#### PROBLEM STATEMENT
Each line between the one holding "Купить LEPY LP-A68" and the end of the material below, both included, is to be transcribed word for word, with pictures left out.

======== INPUT DATA

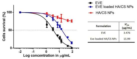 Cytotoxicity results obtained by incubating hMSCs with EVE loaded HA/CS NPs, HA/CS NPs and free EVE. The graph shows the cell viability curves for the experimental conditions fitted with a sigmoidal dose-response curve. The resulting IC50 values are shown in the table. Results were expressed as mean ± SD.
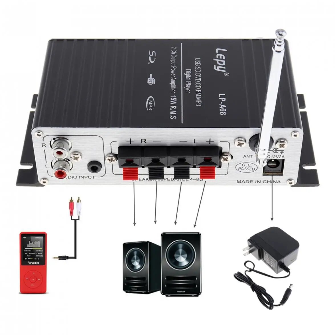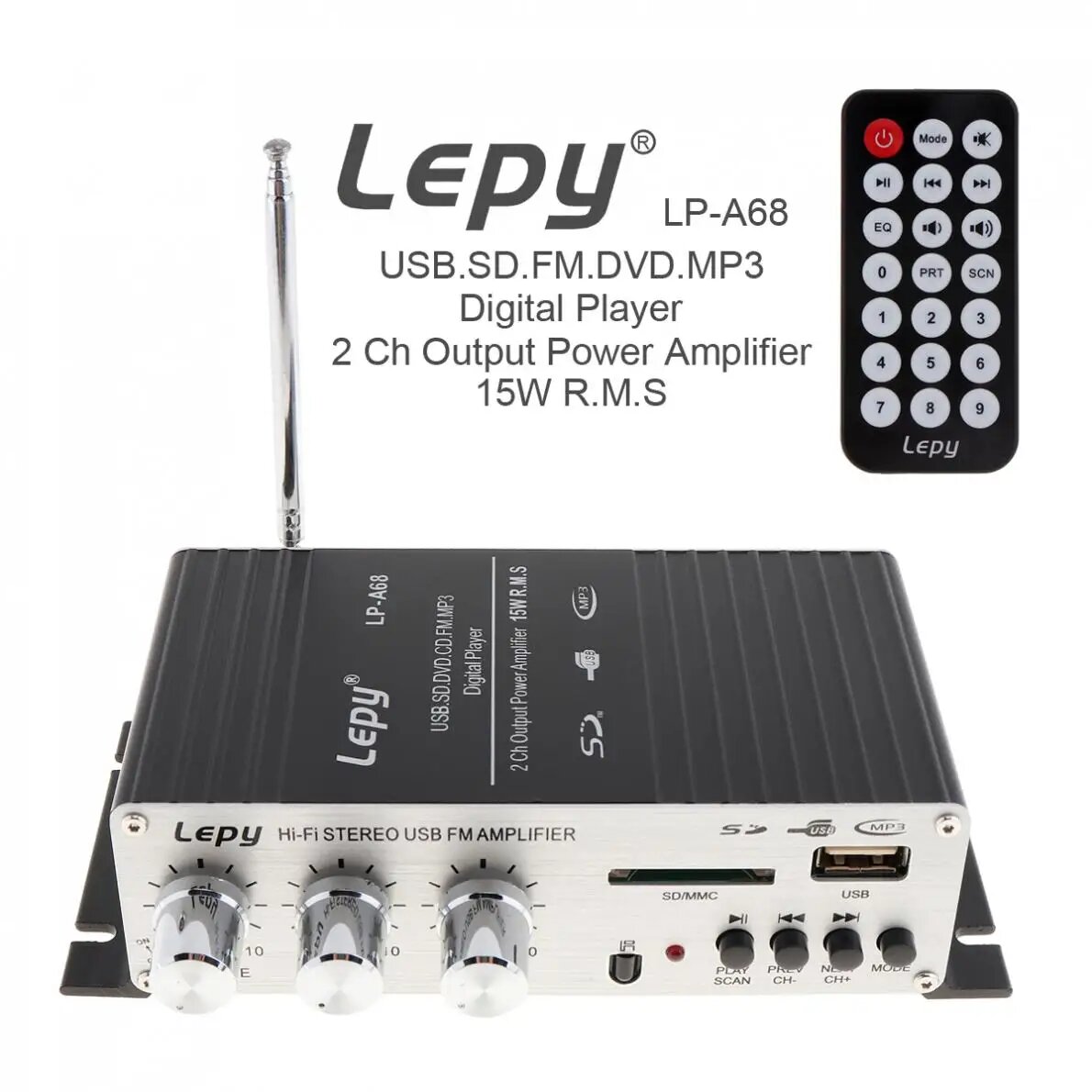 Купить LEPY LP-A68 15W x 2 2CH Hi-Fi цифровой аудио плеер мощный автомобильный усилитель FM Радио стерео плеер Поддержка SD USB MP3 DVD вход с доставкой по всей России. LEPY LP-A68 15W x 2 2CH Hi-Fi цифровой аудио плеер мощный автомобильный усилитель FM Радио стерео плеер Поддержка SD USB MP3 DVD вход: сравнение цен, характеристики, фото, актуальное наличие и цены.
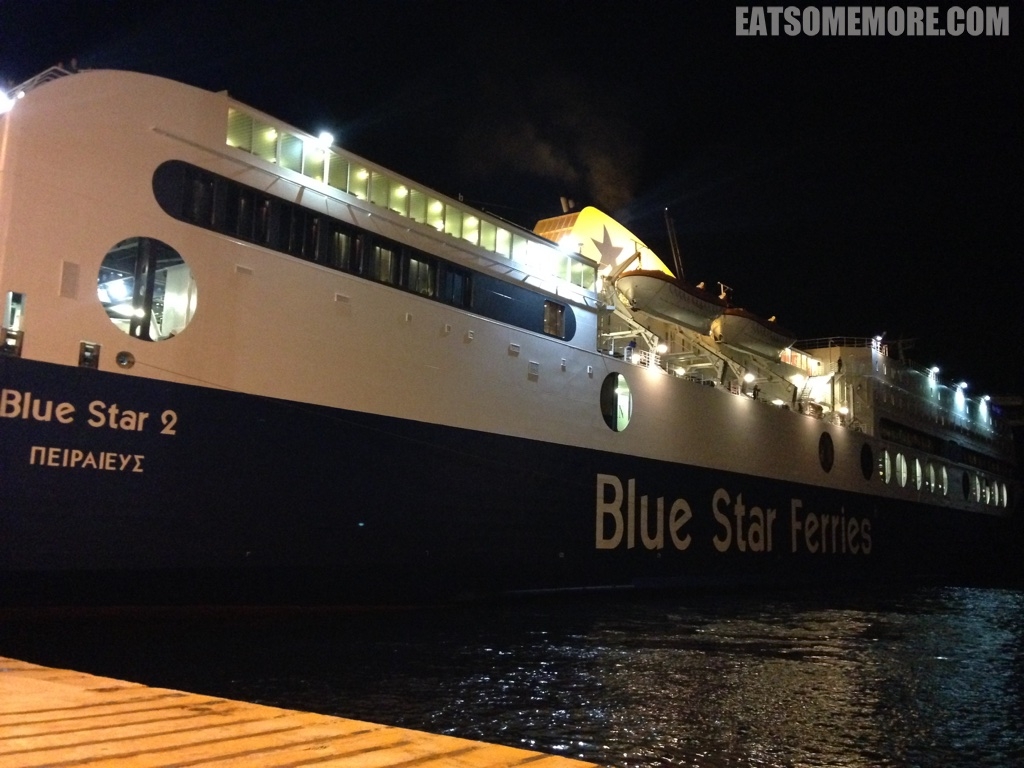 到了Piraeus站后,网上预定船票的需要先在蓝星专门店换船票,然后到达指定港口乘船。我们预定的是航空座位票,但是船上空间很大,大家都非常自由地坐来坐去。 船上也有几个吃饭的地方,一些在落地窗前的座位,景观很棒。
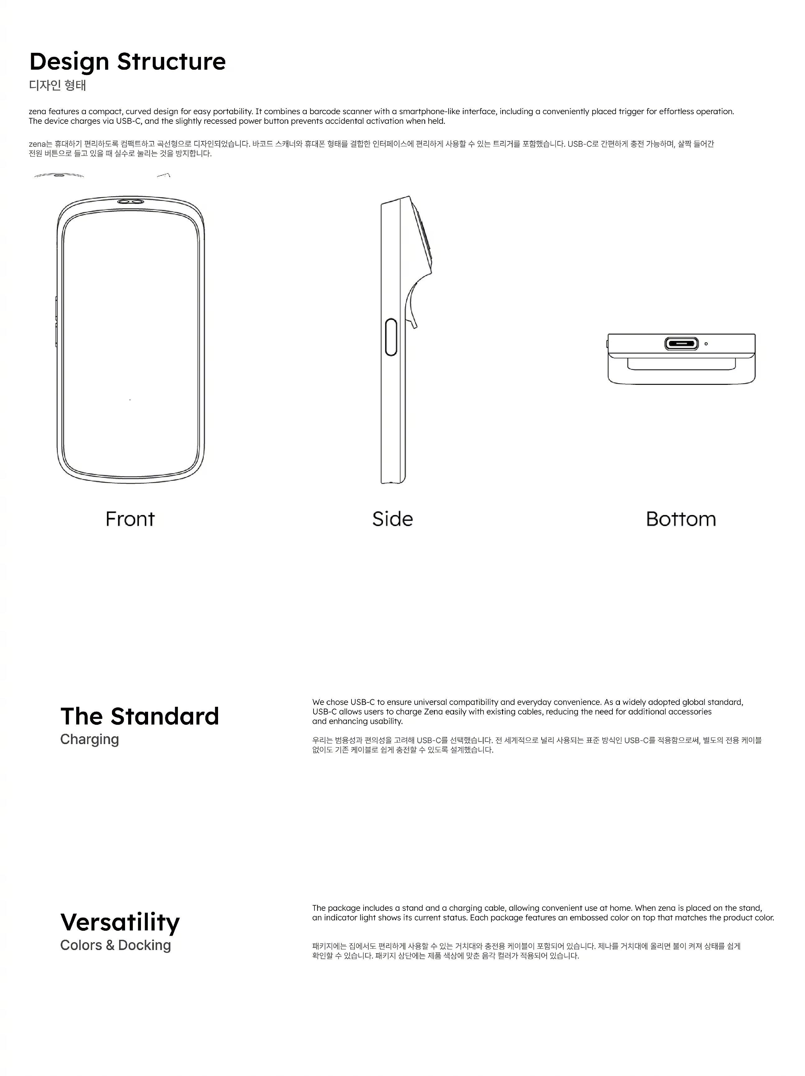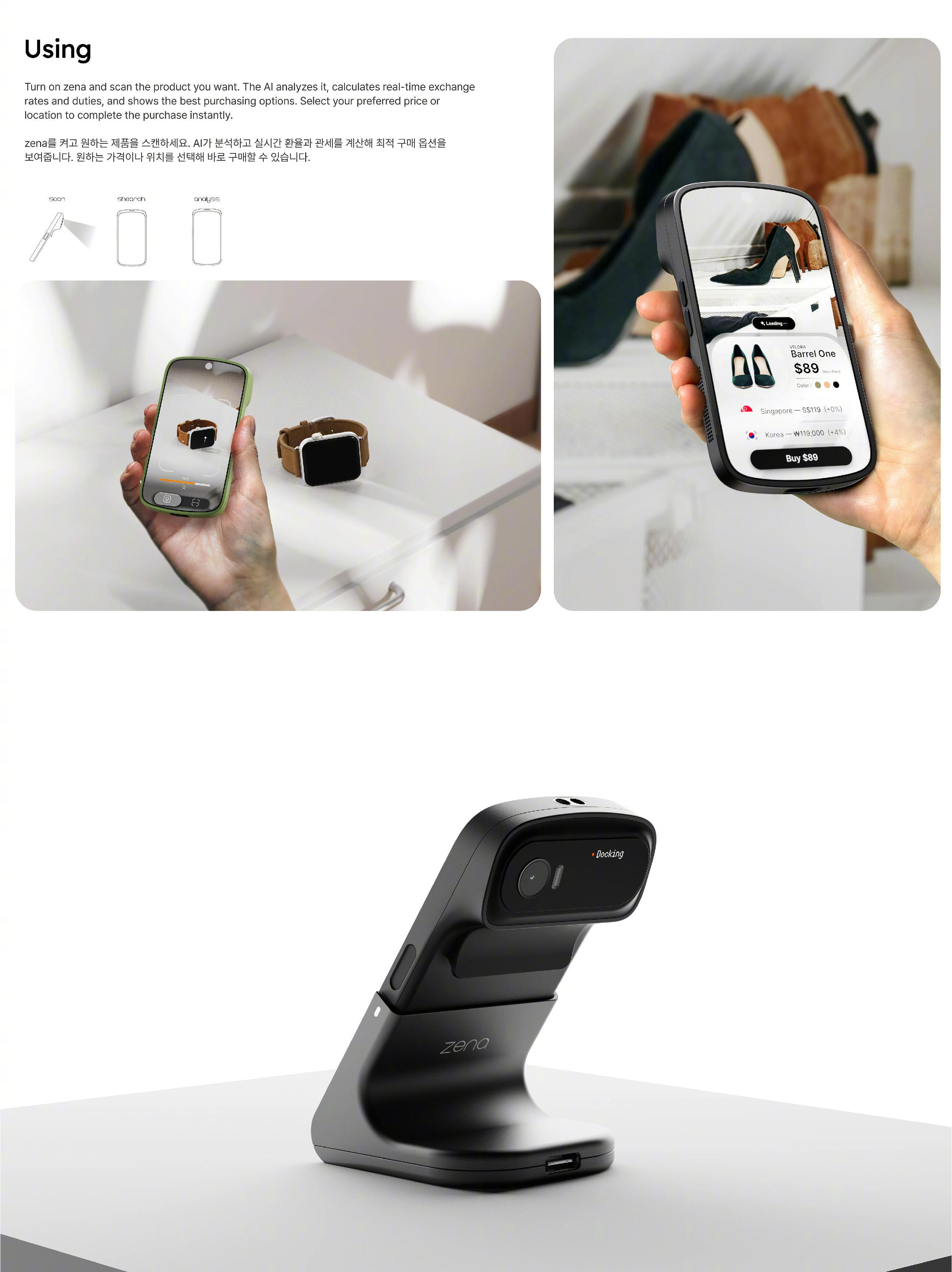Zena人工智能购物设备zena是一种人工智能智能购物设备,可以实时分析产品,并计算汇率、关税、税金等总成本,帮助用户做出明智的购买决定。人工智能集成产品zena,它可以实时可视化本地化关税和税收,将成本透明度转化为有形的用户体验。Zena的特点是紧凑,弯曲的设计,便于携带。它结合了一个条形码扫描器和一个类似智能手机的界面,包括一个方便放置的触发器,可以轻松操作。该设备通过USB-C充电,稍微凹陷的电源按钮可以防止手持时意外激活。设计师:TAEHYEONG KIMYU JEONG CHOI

================

#### FINISHED EXERCISE
 Купить LEPY LP-A68 15W x 2 2CH Hi-Fi цифровой аудио плеер мощный автомобильный усилитель FM Радио стерео плеер Поддержка SD USB MP3 DVD вход с доставкой по всей России. LEPY LP-A68 15W x 2 2CH Hi-Fi цифровой аудио плеер мощный автомобильный усилитель FM Радио стерео плеер Поддержка SD USB MP3 DVD вход: сравнение цен, характеристики, фото, актуальное наличие и цены.
 到了Piraeus站后,网上预定船票的需要先在蓝星专门店换船票,然后到达指定港口乘船。我们预定的是航空座位票,但是船上空间很大,大家都非常自由地坐来坐去。 船上也有几个吃饭的地方,一些在落地窗前的座位,景观很棒。
Zena人工智能购物设备zena是一种人工智能智能购物设备,可以实时分析产品,并计算汇率、关税、税金等总成本,帮助用户做出明智的购买决定。人工智能集成产品zena,它可以实时可视化本地化关税和税收,将成本透明度转化为有形的用户体验。Zena的特点是紧凑,弯曲的设计,便于携带。它结合了一个条形码扫描器和一个类似智能手机的界面,包括一个方便放置的触发器,可以轻松操作。该设备通过USB-C充电,稍微凹陷的电源按钮可以防止手持时意外激活。设计师:TAEHYEONG KIMYU JEONG CHOI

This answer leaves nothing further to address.